Problem to solve:
An exact copy of every record below is required, with the pictures left out.

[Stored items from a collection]
-*-
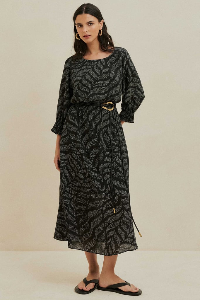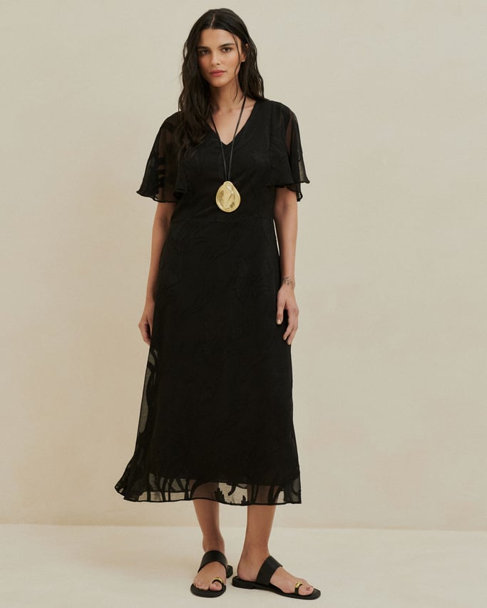 Vestido Midi Estampado em Chiffon Maquinetado Preto
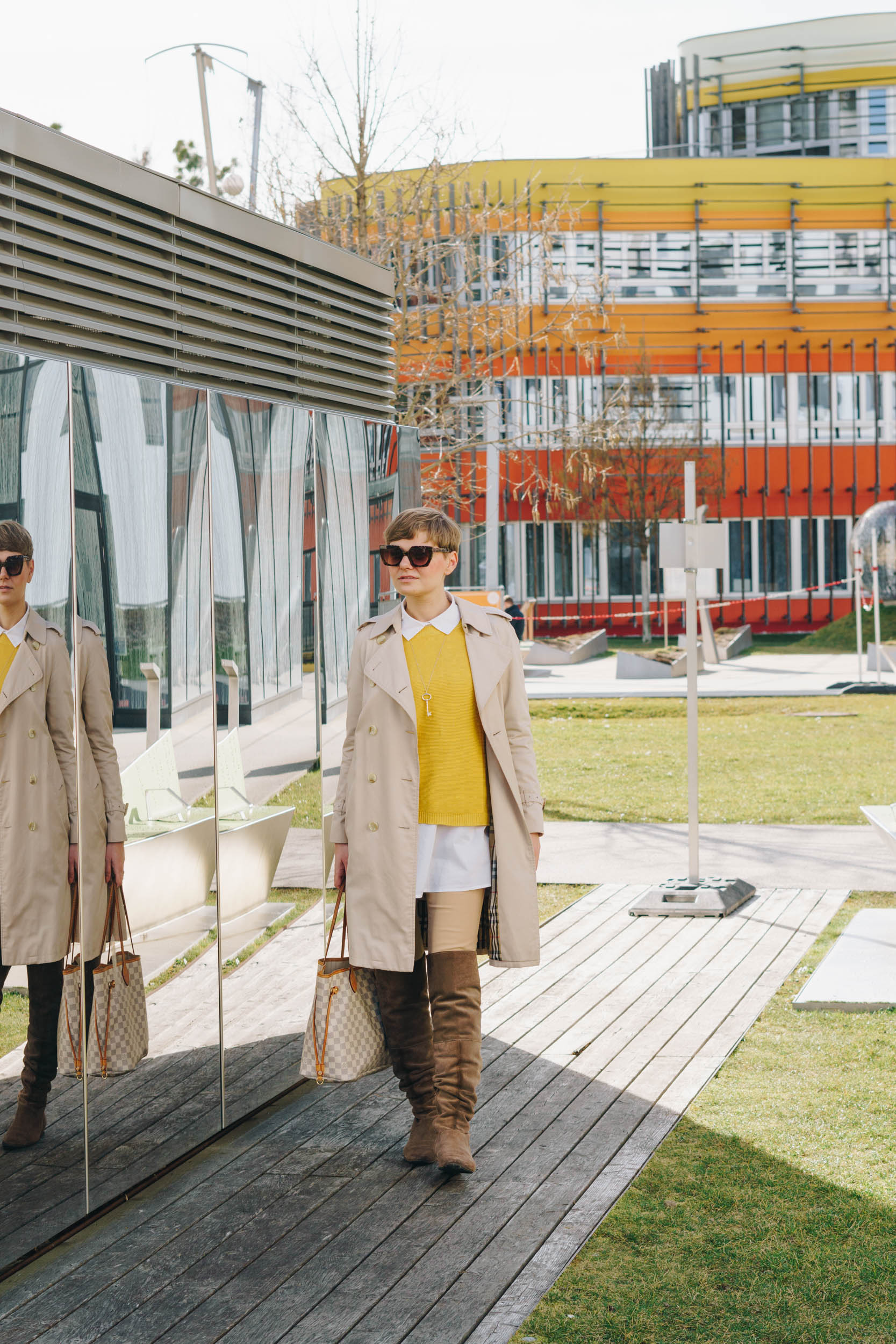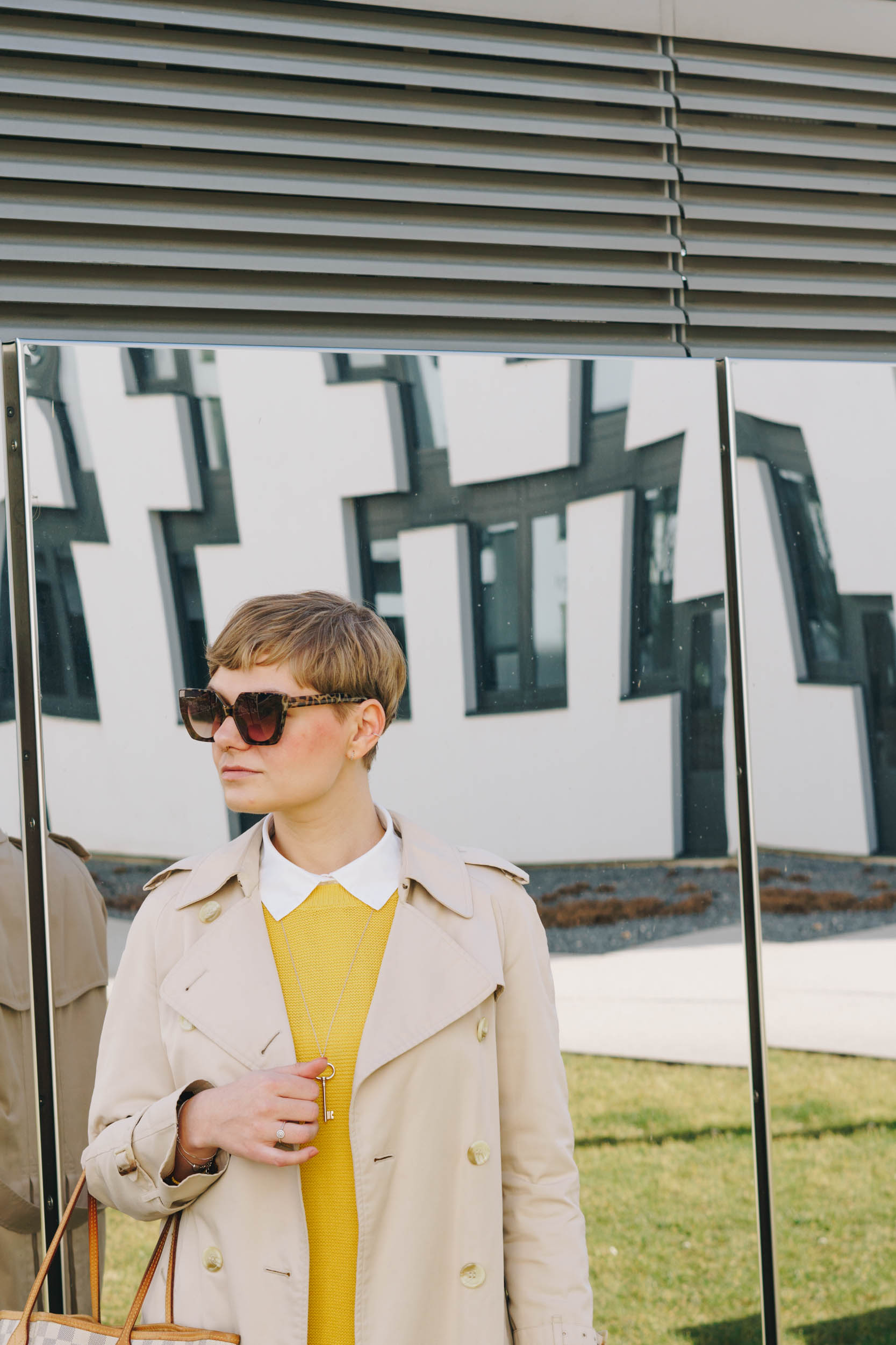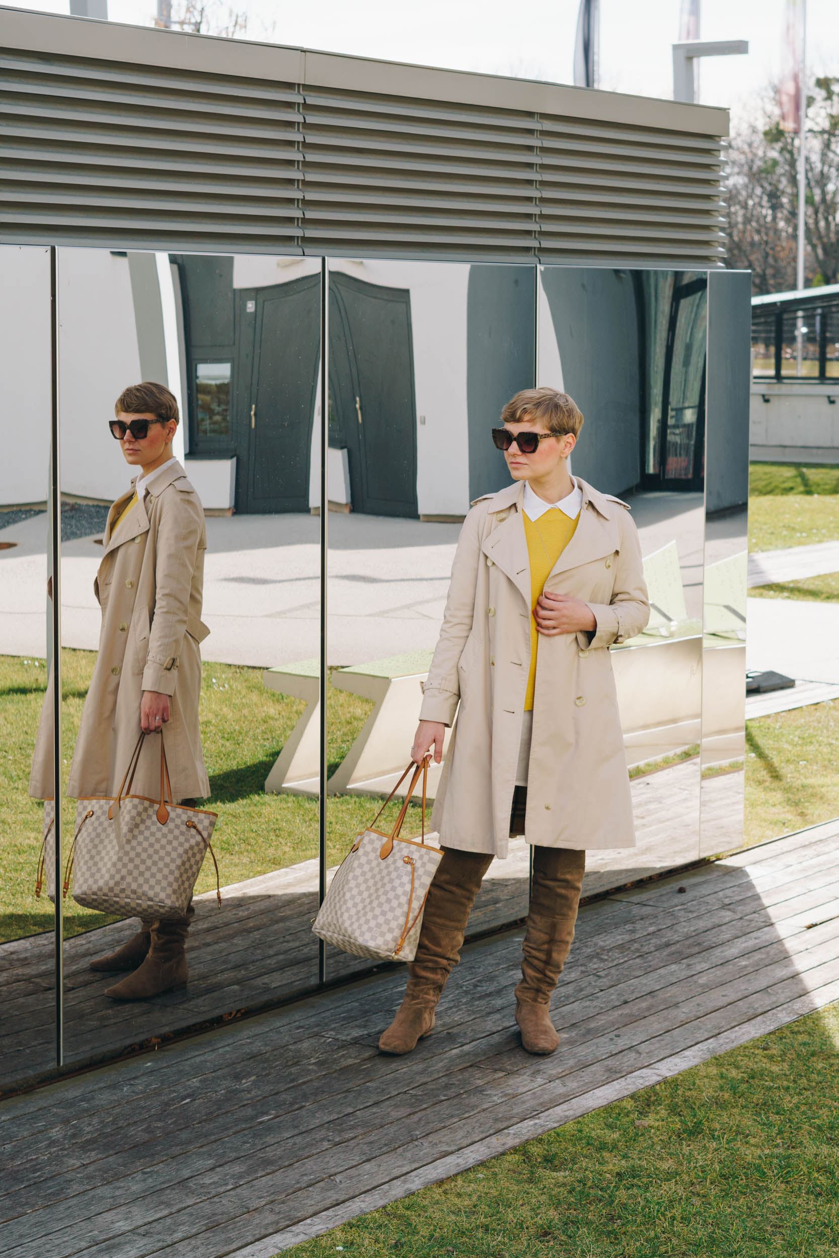 Auf den Bildern trage ist eine Bluse von cos, Trenchcoat von Burberry, Pullover von Max Mara, Hose von jacquard jeans, Stiefel no name, Tasche Louis Vuitton, Sonnenbrille von Sheein und Halskette von Tiffany’s.
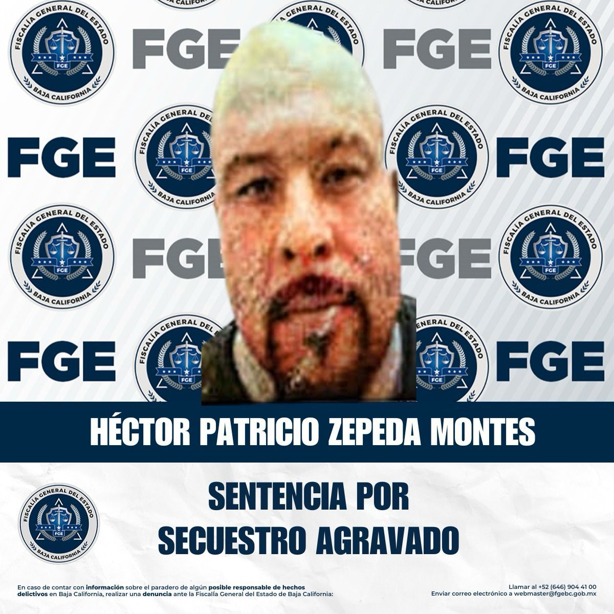 TIJUANA, BAJA CALIFORNIA. - La Fiscalía Regional de Tijuana, a través de la Coordinación de Averiguaciones Previas y Control de Procesos, obtuvo sentencia condenatoria en contra de Héctor Patricio Zepeda Montes, alias “El Chato”, por el delito de secuestro agravado, imponiéndose una pena de 52 años y 4 meses de prisión, así como una multa de 4 mil 205 unidades de medida y actualización.
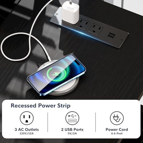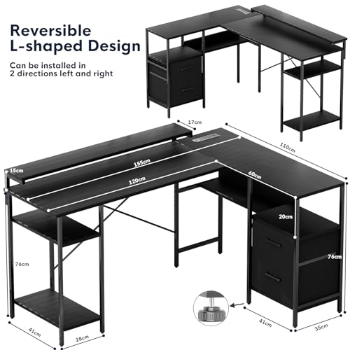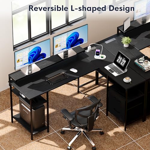 L-Shaped Home Office Desks with 2 Drawers Reversible Computer Gaming Desk with Monitor Stand Power Outlets Corner Desks for Home Office 61" Pure Black
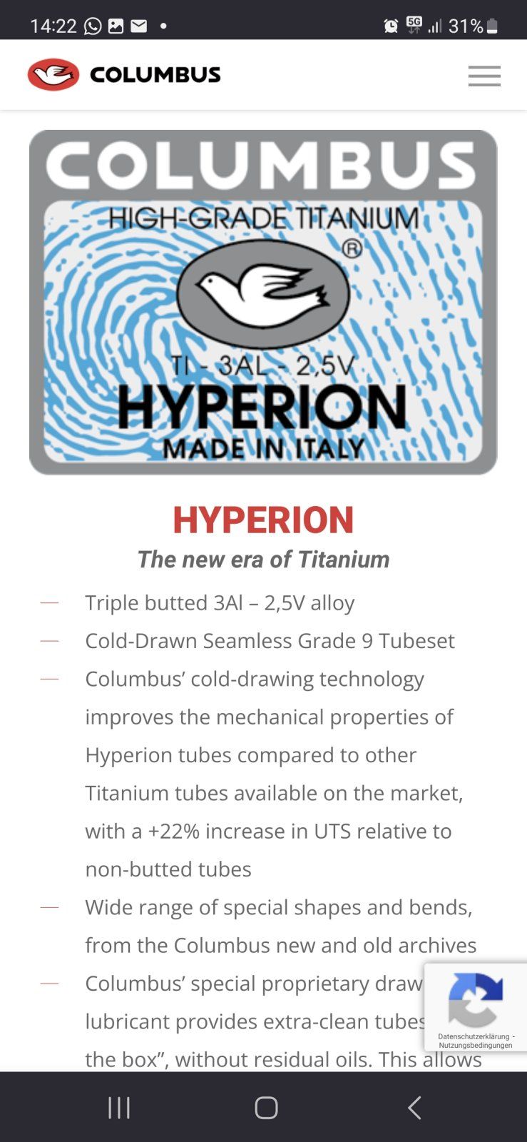 Mach doch mal bitte ein Foto vom COLUMBUS Rohrsticker. Das kenne ich von Titanrahmen gar nicht. Die meisten Rahmen - wenn nicht aus amerikanischer Produktion - sind ja aus Material russischer Herkunft „gebrutzelt“, oftmals von Firmen deren Haupteinnahme nicht der Fahrrad-Rahmenbau ist/war. Auch das Rohmaterial, also die Rohre, kamen dann eher von Zulieferern der Rüstungsindustrie, meine ich. Ich wußte bisher gar nicht, dass COLUMBUS einen Titan-Rohrsatz im Portfolio hat oder hatte…
-*-
Output for this exercise:
 Vestido Midi Estampado em Chiffon Maquinetado Preto
 Auf den Bildern trage ist eine Bluse von cos, Trenchcoat von Burberry, Pullover von Max Mara, Hose von jacquard jeans, Stiefel no name, Tasche Louis Vuitton, Sonnenbrille von Sheein und Halskette von Tiffany’s.
 TIJUANA, BAJA CALIFORNIA. - La Fiscalía Regional de Tijuana, a través de la Coordinación de Averiguaciones Previas y Control de Procesos, obtuvo sentencia condenatoria en contra de Héctor Patricio Zepeda Montes, alias “El Chato”, por el delito de secuestro agravado, imponiéndose una pena de 52 años y 4 meses de prisión, así como una multa de 4 mil 205 unidades de medida y actualización.
 L-Shaped Home Office Desks with 2 Drawers Reversible Computer Gaming Desk with Monitor Stand Power Outlets Corner Desks for Home Office 61" Pure Black
 Mach doch mal bitte ein Foto vom COLUMBUS Rohrsticker. Das kenne ich von Titanrahmen gar nicht. Die meisten Rahmen - wenn nicht aus amerikanischer Produktion - sind ja aus Material russischer Herkunft „gebrutzelt“, oftmals von Firmen deren Haupteinnahme nicht der Fahrrad-Rahmenbau ist/war. Auch das Rohmaterial, also die Rohre, kamen dann eher von Zulieferern der Rüstungsindustrie, meine ich. Ich wußte bisher gar nicht, dass COLUMBUS einen Titan-Rohrsatz im Portfolio hat oder hatte…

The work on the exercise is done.